Video 101 – Part 2: Other Equipment

Upon getting started with videography, it is important to be aware of equipment needs other than the video camera(s) so that one can realistically budget for all the necessary purchases.

In this second part of a series on dSLR videography I will therefore talk about tripods, lights, microphones, and computer equipment. I won’t be able to give comprehensive reviews or extensive product comparisons, but will primarily outline what accompanies my Canon 60D camera as part of my starter kit, with perhaps a few pointers to alternatives.

  • Tripods: As I already mentioned in the first part of this series, dSLRs in particular are very difficult to hand hold for video, at least without additional rigs that could easily cost more than the camera itself. Therefore, a tripod is crucial for getting steady video footage. Tripods consist of legs and heads, which can be bought separately or as complete sets. Since many are coming to videography from still photography, it needs to be pointed out that tripod requirements are very different for videography than for still photography. If you already have a very sturdy set of tripod legs, you could probably use that for the time being. However, the head is a different matter. Ball heads are very convenient for still photography, since they allow the camera to be adjusted in several directions in one single go. However, they are basically useless for videography, since one typically wants to keep the camera level and pan just horizontally, and perhaps occasionally vertically, but not change the angle of the camera against the horizon. 3-way heads, the other common choice for still photography, separate these adjustments from each other, but they still don’t allow the smooth panning one wants for video. The proper solution is a dedicated video tripod head. Ideally, this should be a fluid head, but these can easily run into many hundreds of dollars. If your camera and lenses weigh no more than a few pounds (i.e. you are not using heavy tele lenses), take a look at the Manfrotto 701HDV head. If you need to support heavier gear, but can’t afford an expensive fluid head, the Manfrotto 501HDV might be a good alternative. It supports up to 13 lbs, but uses teflon coated disks instead of fluid cartridges. This is the head I currently use.
  • Lights: While flashes or strobes are the most common external light source for still photography cameras, video lights obviously have to be continuous lights. Traditional choices are tungsten, quartz or fluorescent lights. The downsides of these lights are that they get very hot, and require large and heavy battery packs if they need to be used away from an AC outlet.
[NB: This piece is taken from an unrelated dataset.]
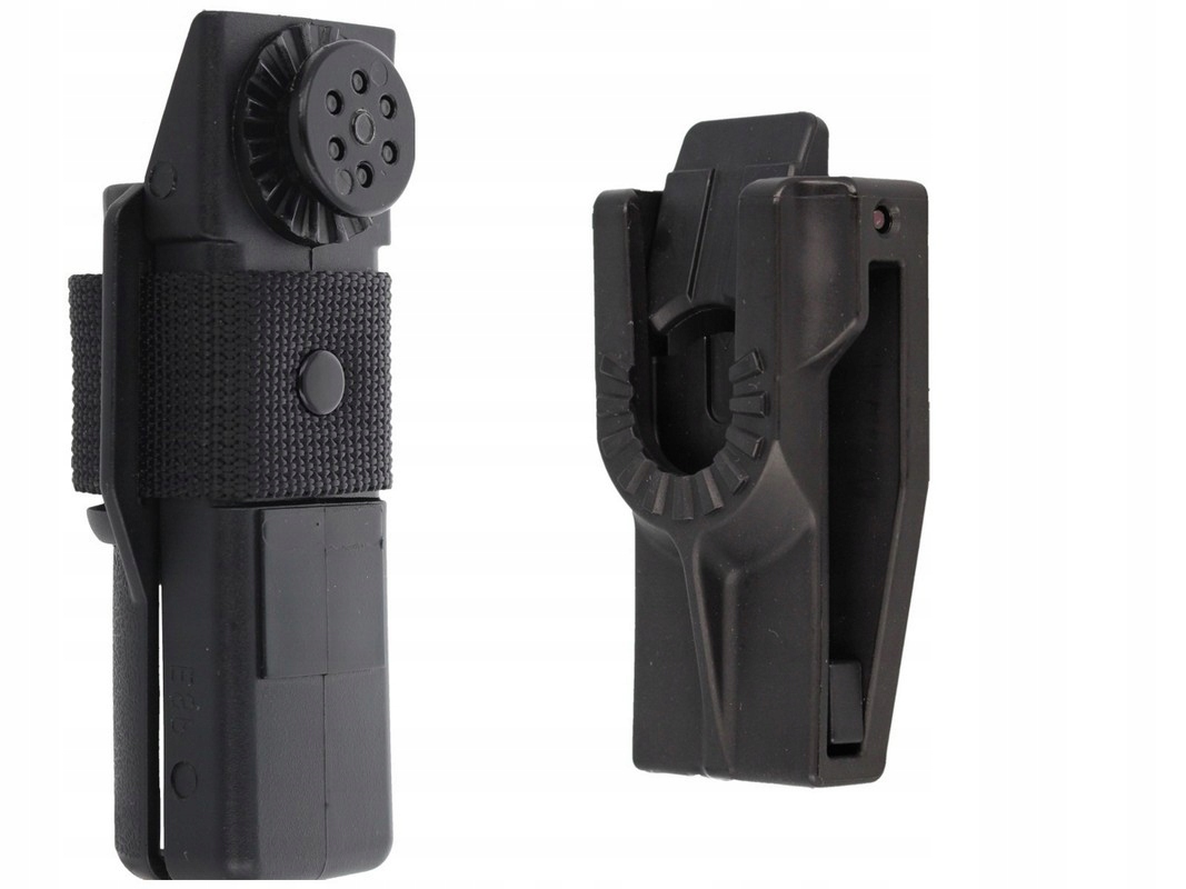 Кобура - запатентованная конструкция позволяет поворачивать ручку до упора. Поворот на 360° и фиксация в одном из 16 положений. Дубинку можно носить в сложенном или разложенном положении в вертикальном, горизонтальном или любом другом положении. Чехол изготовлен из прочного закаленного полипропилена.

LED lights are an exciting and relatively new technology that comes to the rescue. They are available in an increasingly wide range of configurations from small on-camera lights that output the equivalent of a few dozen watts for less than $100 to large panels of 500 Watts equivalent or more that can cost several thousand dollars. Litepanels are probably the industry leader, the lights from Ikan are a worthwhile alternative, and the Arri lights look particularly appealing to me. Shooting with a dSLR has the advantage that with ISOs of 1600, 3200, or even higher, one doesn’t need a lot of light output, so even some of the smaller, less expensive LED lights can be sufficient. The main advantages of all LED lights are that they don’t get hot, and that they use far less power than other continuous lights, which makes battery operation much more attractive. For now, I’m using an Ikan 312 for a main light (about 150 Watts) and an Ikan 144 (about 65 Watts) as a fill light. I would strongly recommend that you rent lights from either a local store or online (e.g. from lensrentals.com) before you spend a lot of money on them.
  • Microphones: If you want to capture high quality sound, so will probably quickly decide to use an external microphone rather than the one built into your dSLR. Internal microphones tend to pick up noises from the camera itself (e.g., from focusing motors or from image stabilization) and even under the best of circumstances their sound quality can’t compete with even modestly priced external microphones. I currently use the popular Rode Videomic Pro. Be also aware that manual audio gain control on your camera will give you much better control over audio quality. Not all cameras have this feature, for example amongst Canon dSLRs, the 60D and 5D Mark II have manual audio gain control, but the 7D (which sits in price in between the other two) curiously does not.
  • Computer equipment: One equipment expense you don’t want to overlook is computer equipment. Exactly what you need depends on how you decide to edit your video. In the next installment of this series, I will talk specifically about video editing. In the meantime, if you bought your computer (PC or Mac) in the last year or two, and it has at least 4 GB of RAM, it is probably powerful enough. If it’s older or has less than 4GB of RAM, you might find it to be underpowered, especially for editing full HD video (1920×1080). You will also need lots of hard drive space, since video files are huge. The good news is that external hard drives are cheap, e.g., a 1.5 TB external drive currently costs less than $100 (but buy them in pairs, since you always want a backup of all important files on a second disk). A good external monitor is also vital. I recommend the 23 inch IPS monitor from ViewSonic (model number VP2365WB), which is less than $300 and an excellent choice for color sensitive applications such as photo and video editing.